‘Private Detector’ Software Goes Live on Bumble

Bumble’s new AI safety feature Private Detector was officially introduced to the social app over the weekend.

The piece of software, announced in April, is designed to protect users from unsolicited sexual images. 

Pictures sent on Bumble’s in-app chat that are believed to contain exposed male and female genitalia are now automatically blurred. The recipient can then choose whether to view the image, report it or ignore it.

During initial testing, Private Detector was described as working with an accuracy of 98%.

Founder and CEO Whitney Wolfe Herd said in a statement: “We were always cognizant that the sending of unsolicited nude images was a critical problem, especially for young women.

“The ‘Private Detector’ was designed to deter and prevent such behavior in the same manner that our other safety features are designed to combat issues like abuse, catfishing, and ghosting, and you can expect us to continue to invest heavily in technologies that champion user safety above all else.”

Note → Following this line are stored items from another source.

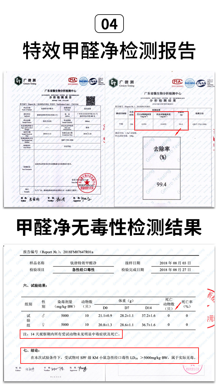 甲醛净去除甲醛检测报告: 甲醛净无毒检测报告:
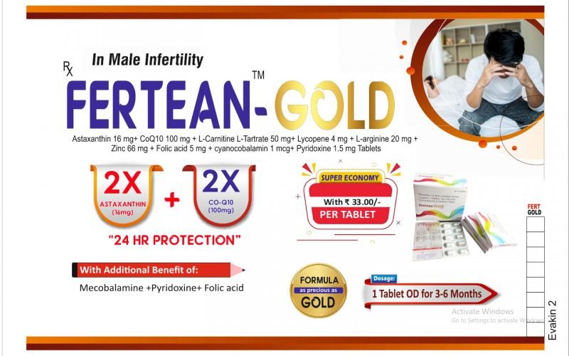 Product Composition : Astaxanthin 16mg+ CoQ10 100mg + L-Carnitine L-Tartrate 50mg+ Lycopene 4mg + L-arginine 20mg + Zinc 66mg+ Folic acid 5mg + cyanocobalamin 1mcg+ Pyridoxine 1.5 mg
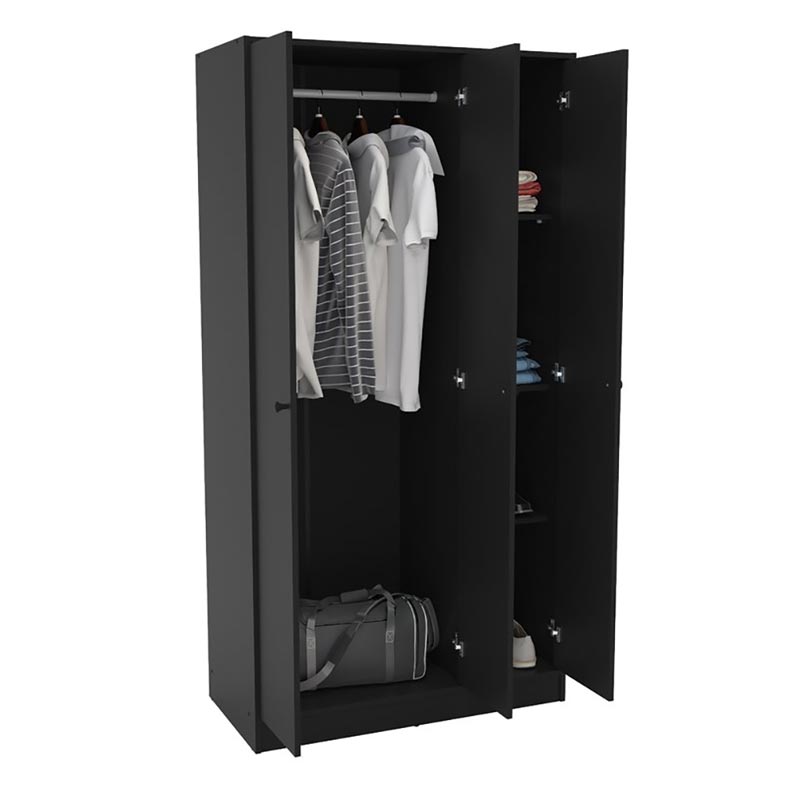 Featuring a clever design, this Wardrobe offers concealed storage options. The left side includes a two-door cabinet with a clothing rod inside, providing a designated space to hang your shirts, pants, and jackets, keeping them wrinkle-free and easily accessible.
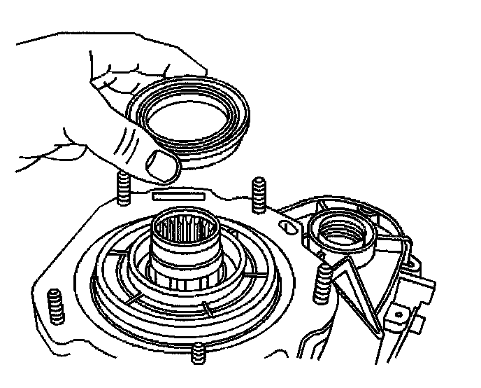 38. While pushing down on the clutch apply plate, remove the clutch pressure plate bearing retaining ring.
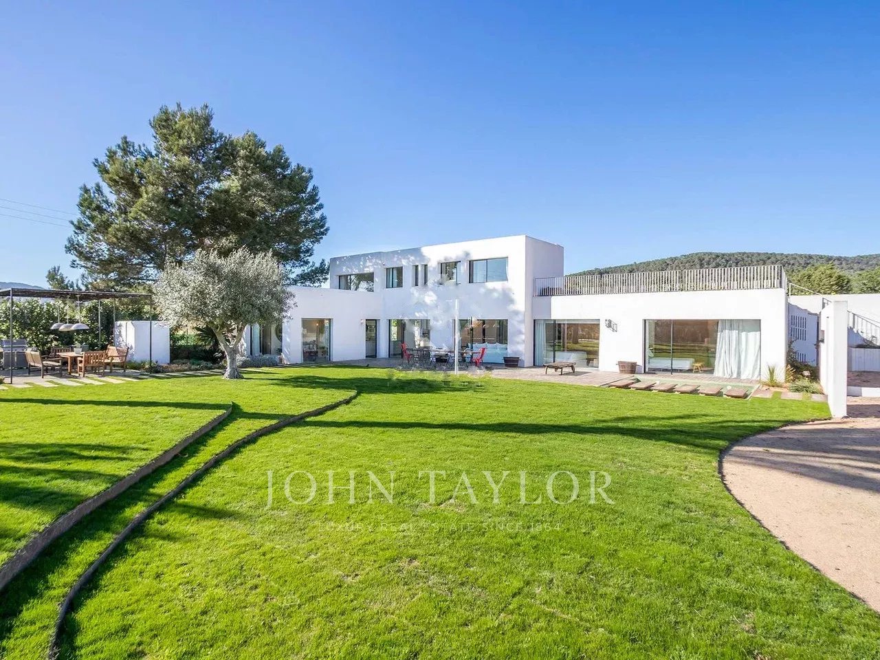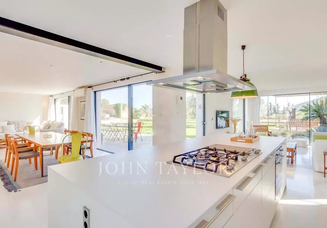 Entourée d'un jardin plat avec pelouse naturelle et une piscine carrelée en émeraude, cette propriété baignée de lumière respire la sérénité et l'élégance.
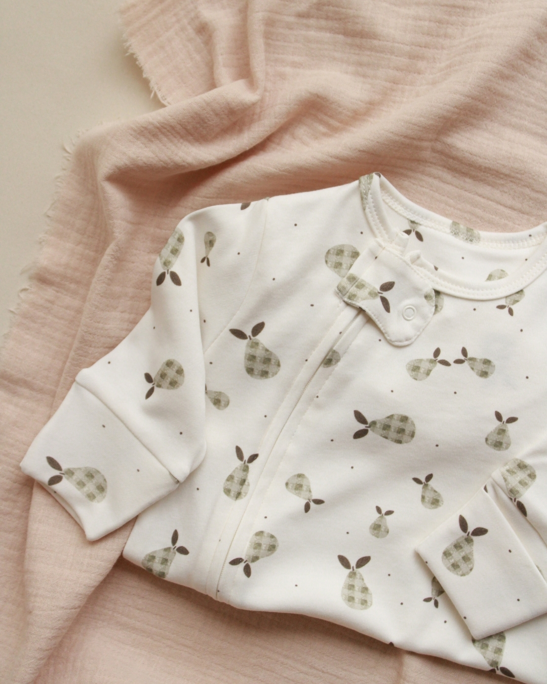 Motivi kruškica čine ovu zeku savršenom za prve fotografije, poklone za specijalne prilike ili kao prvu „specijalnu“ odeću u kojoj će beba izgledati prelepo

The new feature is expected to be introduced to the Badoo and Chappy apps at some point in the future. Lumen, the final product in MagicLab’s portfolio, doesn’t allow images to be sent.

A 2018 survey from the UK government found that 41% of female millennials have received an unwanted sexual image in the past.

The sending of unsolicited images is now classified as a Class C misdemeanour in Texas, after Wolfe Herd helped with the introduction of a new bill on 1st September 2019.